» **DATASET EXCERPT**:
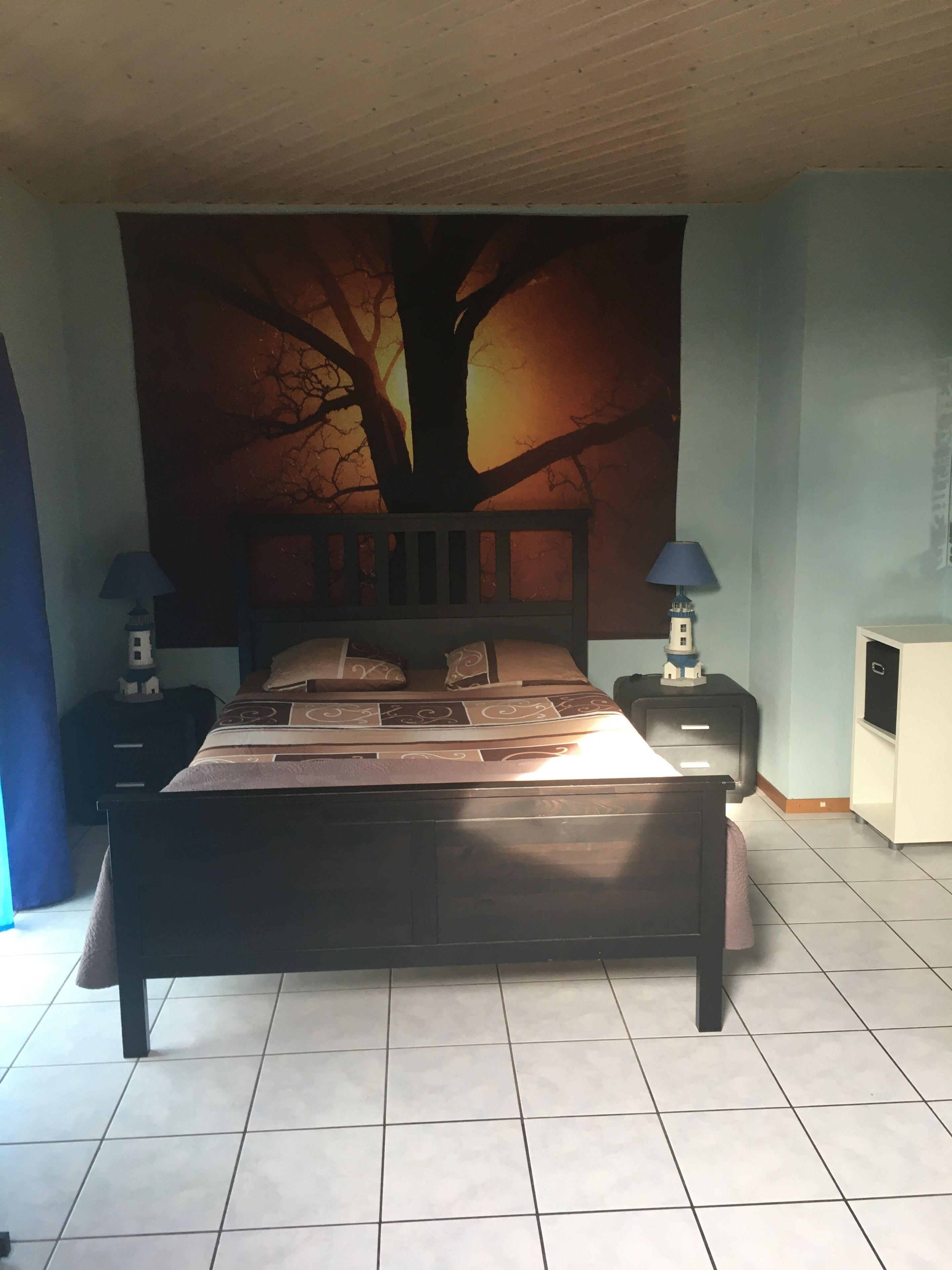 je vous propose une chambre équipée , télévision , divan relax chaise bureau bureau ,grande armoire lit double
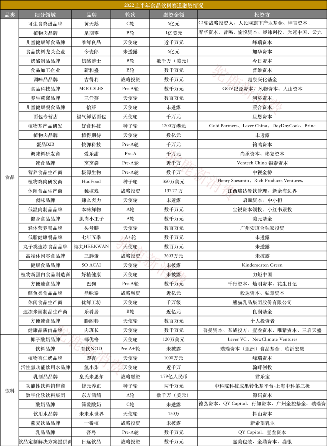 上半年食品飲料賽道投融資盤點:46個品牌獲資本加持
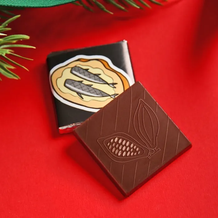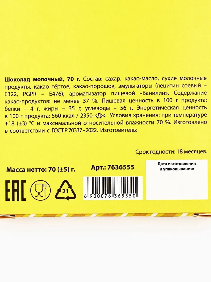 Состав: сахар, какао-масло, сухие молочные продукты, какао тертое, какао-порошок, эмульгаторы (лецитин соевый – Е322, PGPR – Е476), ароматизатор пищевой «Ванилин». Содержание какао продуктов – не менее 37 %.

» **YOUR GOAL**:
Please copy the data above exactly; the pictures do not belong in the copy.

» **TASK RESPONSE**:
 je vous propose une chambre équipée , télévision , divan relax chaise bureau bureau ,grande armoire lit double
 上半年食品飲料賽道投融資盤點:46個品牌獲資本加持
 Состав: сахар, какао-масло, сухие молочные продукты, какао тертое, какао-порошок, эмульгаторы (лецитин соевый – Е322, PGPR – Е476), ароматизатор пищевой «Ванилин». Содержание какао продуктов – не менее 37 %.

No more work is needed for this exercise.